4) for large tables, try not to create indexes on string columns. String Matching is time-consuming and requires a high performance cost. If necessary, we recommend that you perform hash on string columns and then take an integer value for indexing.
3. If the update operation is slow and the read operation response does not need to be timely, you can use MySQL's Master/Slave hot backup to share the read/write pressure. After all, database operations are much less read-only. Therefore, we put the write operations on the database on the master server of MySQL. Using the hot backup of MySQL, we perform read operations on the backup database server, because multiple hot standby MySQL instances are available, read operations can be distributed across multiple hot standby instances to balance read operations and improve the performance of read operations.
4. caching is fundamental to all background programs. because 80% of requests correspond to 20% of data, we only need a small amount of memory to cache 20% of data, we can meet the needs of our system.
1) Add key cache, thread cache, and query cache as much as possible in MySQL settings
2) Add a general cache such as memcached to the application layer.
3) for a small amount of data but frequently operated tables, use the memory heap table provided by MySQL to achieve extremely high write and read speeds.
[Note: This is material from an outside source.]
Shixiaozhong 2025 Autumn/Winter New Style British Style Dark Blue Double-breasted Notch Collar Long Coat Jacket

5. Database Design Optimization
We pay attention to the modeling paradigm for traditional database design to avoid data redundancy and lead to dirty data. However, in our actual application, we need to use rules of the third paradigm according to the situation. For data that frequently needs to appear in multiple places, for applications related to users, topics, and replies such as a forum, if we separate users from topics and replies, you need to perform a joint query on the user table and topic table or reply table every time you query an article or reply. If the data volume is small, the performance of the joint query is acceptable, if the table is larger than 3, 4, and more than 100,000 of the data, the join query speed will be slower. This paradigm needs to be implemented, but we still need to design our tables based on the situation, so as to reach a compromise between performance and good design.
Other words:
1. We recommend that you perform database operations in a hierarchical manner. There are at least two layers: the logical layer of database operations and the cache layer of databases. Considering this from the very beginning, we can easily divide and deploy databases and expand database/table sharding in the future.
2. Added MySQL monitoring, monitored MySQL slow query logs, and monitored MySQL requests.
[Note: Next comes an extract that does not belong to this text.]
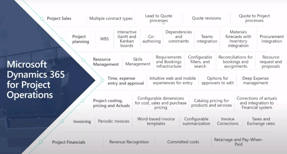 Dynamics 365 项目运营解决方案统一了操作流程,以提供可视化,协作和洞察力,以推动从销售到财务的整个团队取得成功。Dynamics 365项目运营将销售,资源,项目管理和财务团队连接到一个应用程序中,从而赢得更多交易,加快交付速度,赋予员工权力并最大化利润。

3. Select the MySQL storage engine as needed.
MyISAM has a high read/write speed. However, because the table is locked, you cannot perform fast read and write at the same time.
InnoDB supports transactions and provides row-level locks. However, to use transactions, the tablespace is large and full-text indexing is not supported.
Heap puts the table into the memory, which is suitable for situations where the table is small and requires frequent operations, such as user information. It reads and writes quickly but is not persistent. You need to write your own tools to make it persistent.
4. Some MySQL server status detection commands
Show slave status: the master-slave synchronization is displayed.
Show [full] processlist
Show status: displays various MySQL Server requests.